- Eulaminna
- Coordinates: 28°57′40″S 121°46′19″E﻿ / ﻿28.961°S 121.772°E
- Country: Australia
- State: Western Australia
- LGA: Shire of Leonora;
- Location: 877 km (545 mi) north east of Perth; 44 km (27 mi) east of Leonora;
- Established: 1904

Government
- • State electorate: Kalgoorlie;
- • Federal division: O'Connor;
- Elevation: 405 m (1,329 ft)
- Postcode: 6435

= Eulaminna, Western Australia =

Abandoned town in Western Australia

Eulaminna is an abandoned town located between Leonora and Laverton along the Old Leonora Road in the Shire of Leonora and the Goldfields-Esperance region of Western Australia.
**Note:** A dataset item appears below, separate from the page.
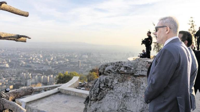 Dışişleri Bakanı Fidan, Suriye Dışişleri Bakanı Şeybani ile Kasyun Dağı’ndan Şam’ı seyretti. Başkent’in merkezinde kentin büyük bölümüne hakim bir yükselti olan Kasyun Dağı, Suriye’deki iç savaşta büyük önem kazanmıştı. Devrik rejim, sivil unsurların çıkmasını yasakladığı dağa, Beşar Esad’ın kardeşi Mahir Esad’a bağlı 4. Tümen askerleri başta olmak üzere yoğun bir konuşlanma yapmıştı.
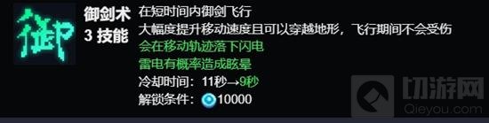 御剑术:这个技能让玩家在短时间内御剑飞行,大幅提升移动速度并穿越地形,飞行期间玩家不会受到伤害。技能冷却时间为11秒,五星升级后缩短至9秒。

Lots were originally surveyed in 1900 to serve the nearby Murrin Murrin Copper Mine that was known as the Anaconda Copper Mine at the time. By 1903 there were 64 residential lots and a population of about 350. A police station was also established in 1903 and the town boasted two hotels, two stores a chemist and a newsagent. A mail receiver was in place but no telegraph station. The townsite was originally gazetted as Anaconda in 1904, but the name was changed in 1907 after a request from the WA Copper company because of confusion in the London markets between copper shipments from Anaconda in the United States and shipments from the local mine. The name was changed to the Aboriginal name for the area, Eulaminna, in 1907.